Given material:
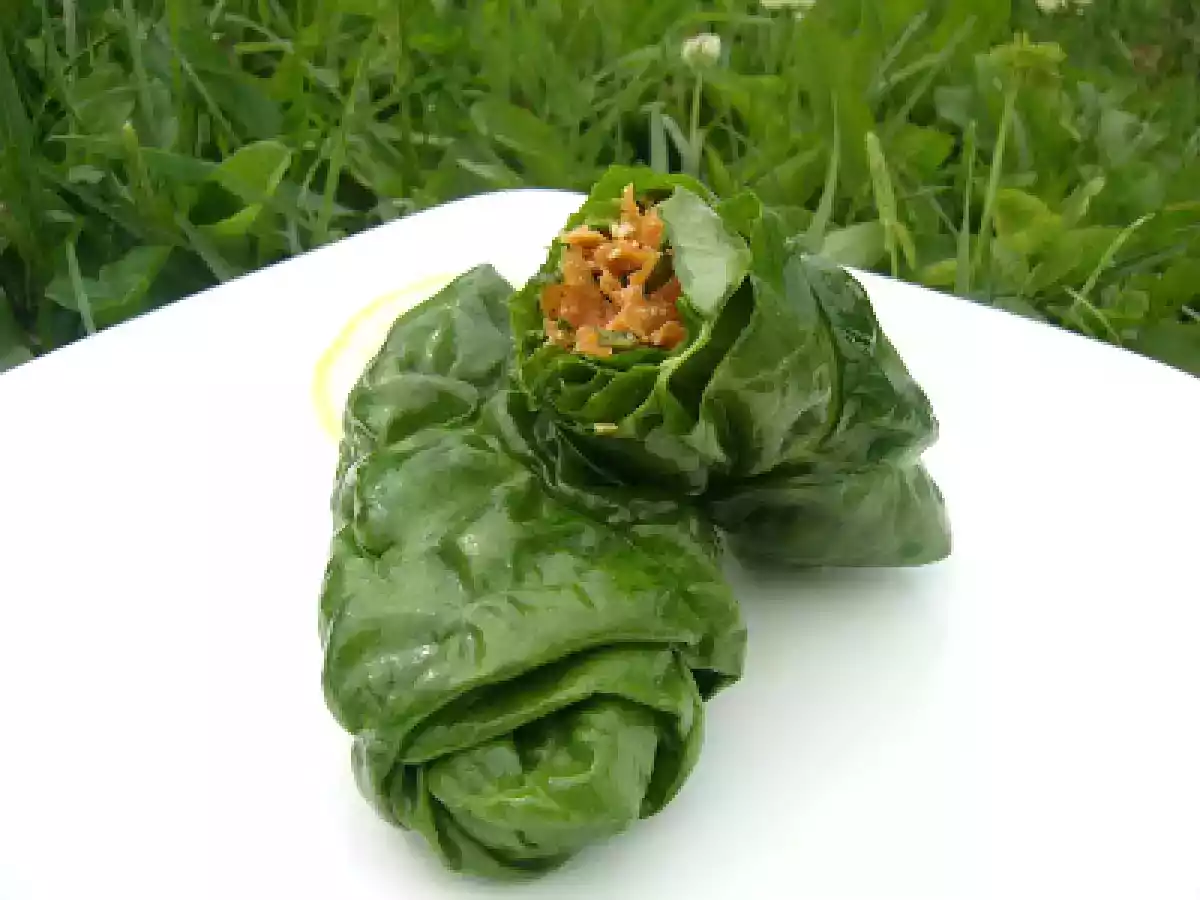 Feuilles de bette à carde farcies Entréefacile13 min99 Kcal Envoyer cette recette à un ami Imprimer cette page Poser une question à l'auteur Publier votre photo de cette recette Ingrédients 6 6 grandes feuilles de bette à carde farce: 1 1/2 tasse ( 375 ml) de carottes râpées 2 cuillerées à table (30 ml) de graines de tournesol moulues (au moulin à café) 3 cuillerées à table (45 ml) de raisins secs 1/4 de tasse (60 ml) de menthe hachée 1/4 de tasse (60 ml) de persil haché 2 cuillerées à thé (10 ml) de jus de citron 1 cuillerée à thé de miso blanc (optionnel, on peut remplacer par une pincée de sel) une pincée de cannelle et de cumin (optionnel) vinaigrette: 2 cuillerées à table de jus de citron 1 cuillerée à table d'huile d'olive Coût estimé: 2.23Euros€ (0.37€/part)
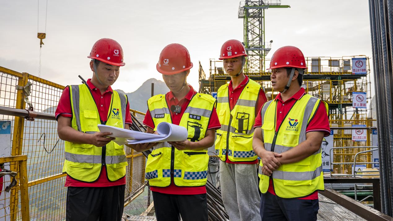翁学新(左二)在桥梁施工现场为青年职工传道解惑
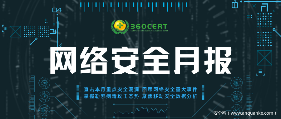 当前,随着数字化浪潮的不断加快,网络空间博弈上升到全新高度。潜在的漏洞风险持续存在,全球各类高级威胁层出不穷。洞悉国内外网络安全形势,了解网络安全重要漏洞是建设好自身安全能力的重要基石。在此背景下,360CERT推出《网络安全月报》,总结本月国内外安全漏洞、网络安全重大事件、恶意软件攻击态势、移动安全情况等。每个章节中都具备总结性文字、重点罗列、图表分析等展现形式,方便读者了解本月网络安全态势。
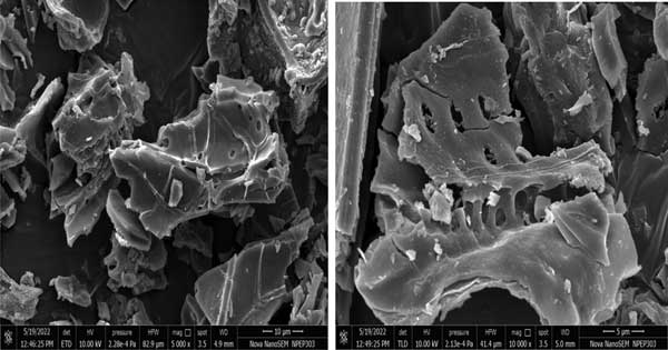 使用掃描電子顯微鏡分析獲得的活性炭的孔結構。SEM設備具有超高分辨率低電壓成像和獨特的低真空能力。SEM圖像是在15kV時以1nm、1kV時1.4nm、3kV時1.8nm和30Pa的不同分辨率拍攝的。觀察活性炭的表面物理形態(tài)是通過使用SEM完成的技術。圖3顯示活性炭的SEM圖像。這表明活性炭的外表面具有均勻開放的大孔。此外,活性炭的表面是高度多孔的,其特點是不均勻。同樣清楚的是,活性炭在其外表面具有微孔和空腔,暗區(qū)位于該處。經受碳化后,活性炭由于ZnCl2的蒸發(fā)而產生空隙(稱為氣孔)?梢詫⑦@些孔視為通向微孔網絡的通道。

Problem description:
Could the data above be copied out exactly, with no pictures kept?

Response area:
 Feuilles de bette à carde farcies Entréefacile13 min99 Kcal Envoyer cette recette à un ami Imprimer cette page Poser une question à l'auteur Publier votre photo de cette recette Ingrédients 6 6 grandes feuilles de bette à carde farce: 1 1/2 tasse ( 375 ml) de carottes râpées 2 cuillerées à table (30 ml) de graines de tournesol moulues (au moulin à café) 3 cuillerées à table (45 ml) de raisins secs 1/4 de tasse (60 ml) de menthe hachée 1/4 de tasse (60 ml) de persil haché 2 cuillerées à thé (10 ml) de jus de citron 1 cuillerée à thé de miso blanc (optionnel, on peut remplacer par une pincée de sel) une pincée de cannelle et de cumin (optionnel) vinaigrette: 2 cuillerées à table de jus de citron 1 cuillerée à table d'huile d'olive Coût estimé: 2.23Euros€ (0.37€/part)
翁学新(左二)在桥梁施工现场为青年职工传道解惑
 当前,随着数字化浪潮的不断加快,网络空间博弈上升到全新高度。潜在的漏洞风险持续存在,全球各类高级威胁层出不穷。洞悉国内外网络安全形势,了解网络安全重要漏洞是建设好自身安全能力的重要基石。在此背景下,360CERT推出《网络安全月报》,总结本月国内外安全漏洞、网络安全重大事件、恶意软件攻击态势、移动安全情况等。每个章节中都具备总结性文字、重点罗列、图表分析等展现形式,方便读者了解本月网络安全态势。
 使用掃描電子顯微鏡分析獲得的活性炭的孔結構。SEM設備具有超高分辨率低電壓成像和獨特的低真空能力。SEM圖像是在15kV時以1nm、1kV時1.4nm、3kV時1.8nm和30Pa的不同分辨率拍攝的。觀察活性炭的表面物理形態(tài)是通過使用SEM完成的技術。圖3顯示活性炭的SEM圖像。這表明活性炭的外表面具有均勻開放的大孔。此外,活性炭的表面是高度多孔的,其特點是不均勻。同樣清楚的是,活性炭在其外表面具有微孔和空腔,暗區(qū)位于該處。經受碳化后,活性炭由于ZnCl2的蒸發(fā)而產生空隙(稱為氣孔)?梢詫⑦@些孔視為通向微孔網絡的通道。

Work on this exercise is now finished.